ASSIGNMENT | Ignoring every picture, return the lines of the listing below word for word, from the line that holds "素材 :合金、ダイヤモンド;シャンク径(各) : 3mm(誤差約0.13mm)" through the line that holds "Alligatoren dürfen natürlich".

STUDY MATERIAL |
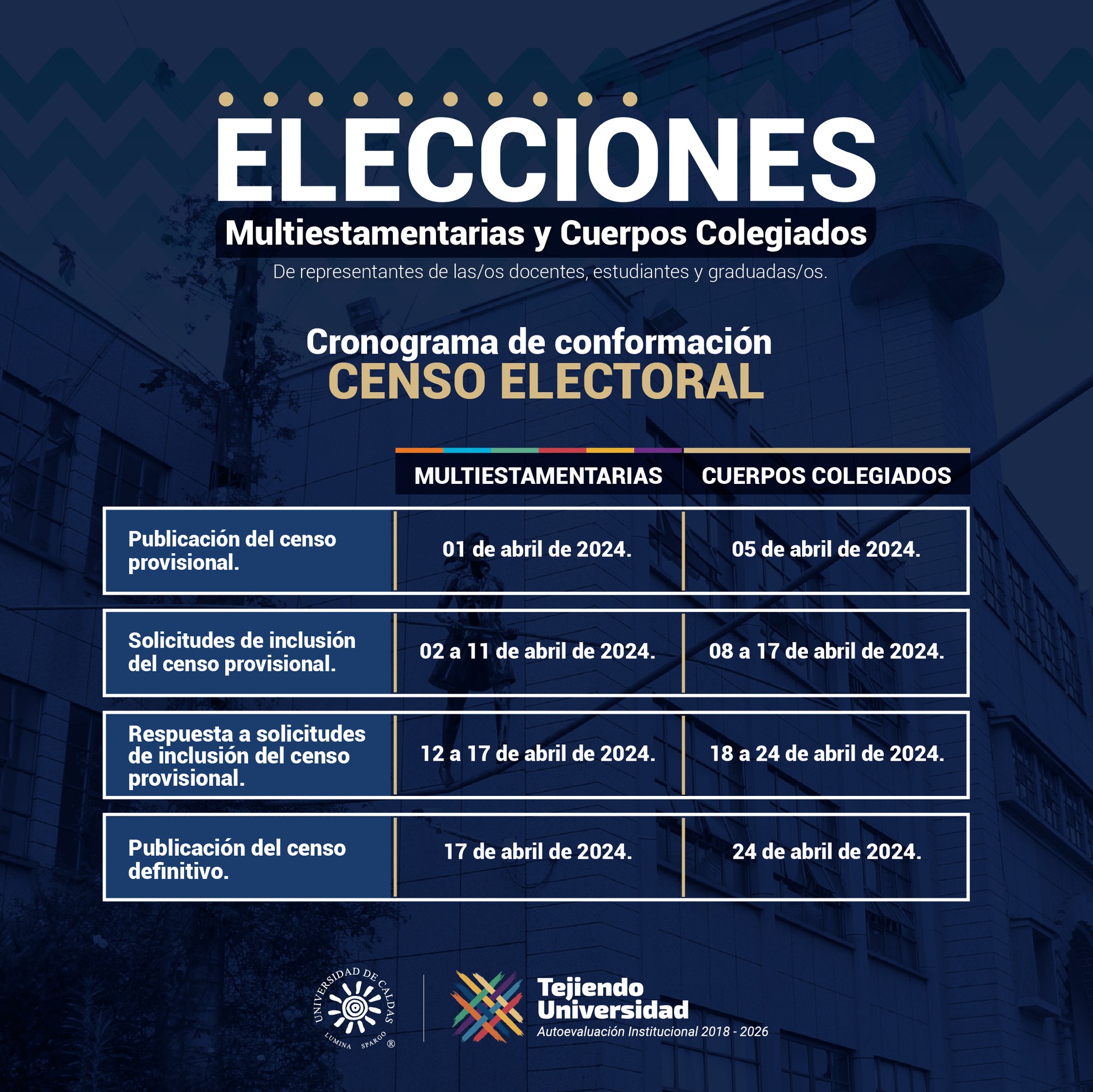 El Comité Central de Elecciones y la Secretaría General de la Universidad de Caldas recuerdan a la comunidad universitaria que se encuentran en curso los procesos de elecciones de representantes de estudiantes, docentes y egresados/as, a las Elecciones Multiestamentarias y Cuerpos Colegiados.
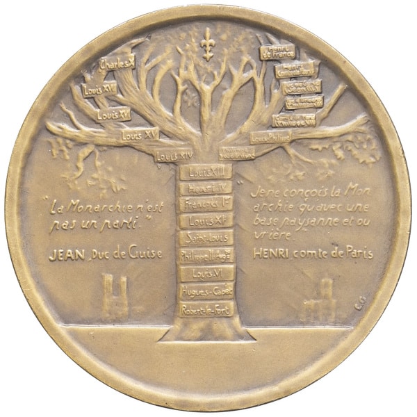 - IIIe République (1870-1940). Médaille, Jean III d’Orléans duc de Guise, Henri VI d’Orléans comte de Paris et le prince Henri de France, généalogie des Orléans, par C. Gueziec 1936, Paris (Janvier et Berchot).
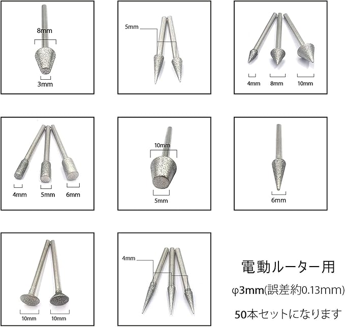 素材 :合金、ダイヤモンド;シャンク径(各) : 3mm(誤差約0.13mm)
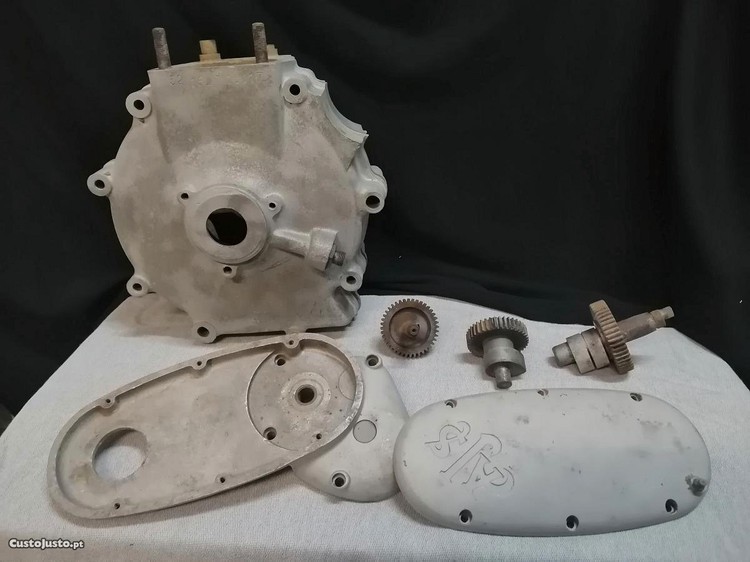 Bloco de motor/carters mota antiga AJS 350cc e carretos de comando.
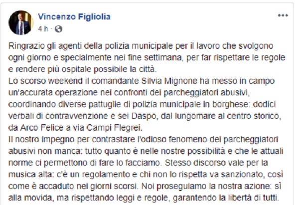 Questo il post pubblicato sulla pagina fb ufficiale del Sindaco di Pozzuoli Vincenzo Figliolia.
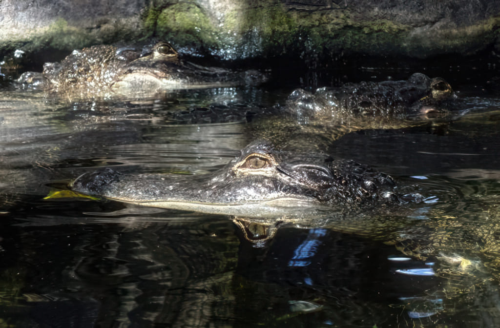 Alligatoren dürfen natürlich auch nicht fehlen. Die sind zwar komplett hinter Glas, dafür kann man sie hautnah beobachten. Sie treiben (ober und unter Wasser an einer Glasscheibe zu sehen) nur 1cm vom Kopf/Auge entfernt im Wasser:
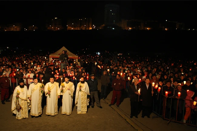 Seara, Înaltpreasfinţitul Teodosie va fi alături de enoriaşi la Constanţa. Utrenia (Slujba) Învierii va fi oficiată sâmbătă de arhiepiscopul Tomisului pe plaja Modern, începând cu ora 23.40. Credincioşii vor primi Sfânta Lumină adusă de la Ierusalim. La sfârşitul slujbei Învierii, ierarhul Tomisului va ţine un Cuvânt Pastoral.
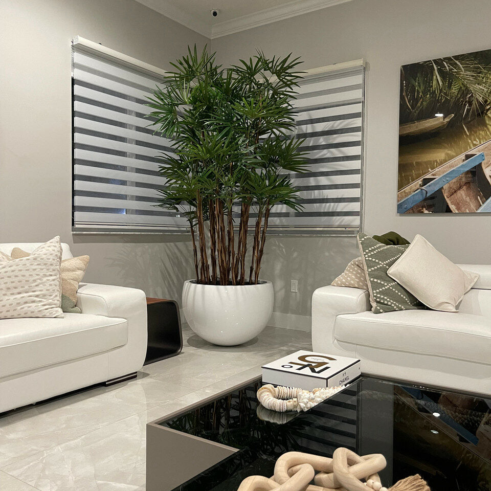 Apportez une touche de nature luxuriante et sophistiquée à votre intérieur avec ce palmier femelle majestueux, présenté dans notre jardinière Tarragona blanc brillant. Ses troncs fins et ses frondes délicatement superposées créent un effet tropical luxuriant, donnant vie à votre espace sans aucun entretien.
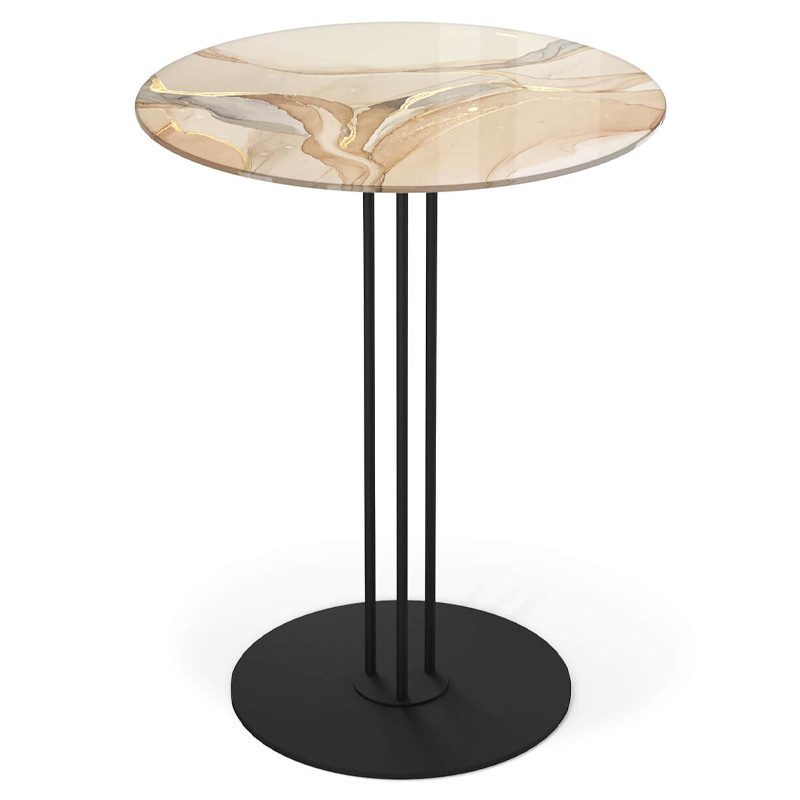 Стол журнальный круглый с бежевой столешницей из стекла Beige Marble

OUTPUT |
 素材 :合金、ダイヤモンド;シャンク径(各) : 3mm(誤差約0.13mm)
 Bloco de motor/carters mota antiga AJS 350cc e carretos de comando.
 Questo il post pubblicato sulla pagina fb ufficiale del Sindaco di Pozzuoli Vincenzo Figliolia.
 Alligatoren dürfen natürlich auch nicht fehlen. Die sind zwar komplett hinter Glas, dafür kann man sie hautnah beobachten. Sie treiben (ober und unter Wasser an einer Glasscheibe zu sehen) nur 1cm vom Kopf/Auge entfernt im Wasser:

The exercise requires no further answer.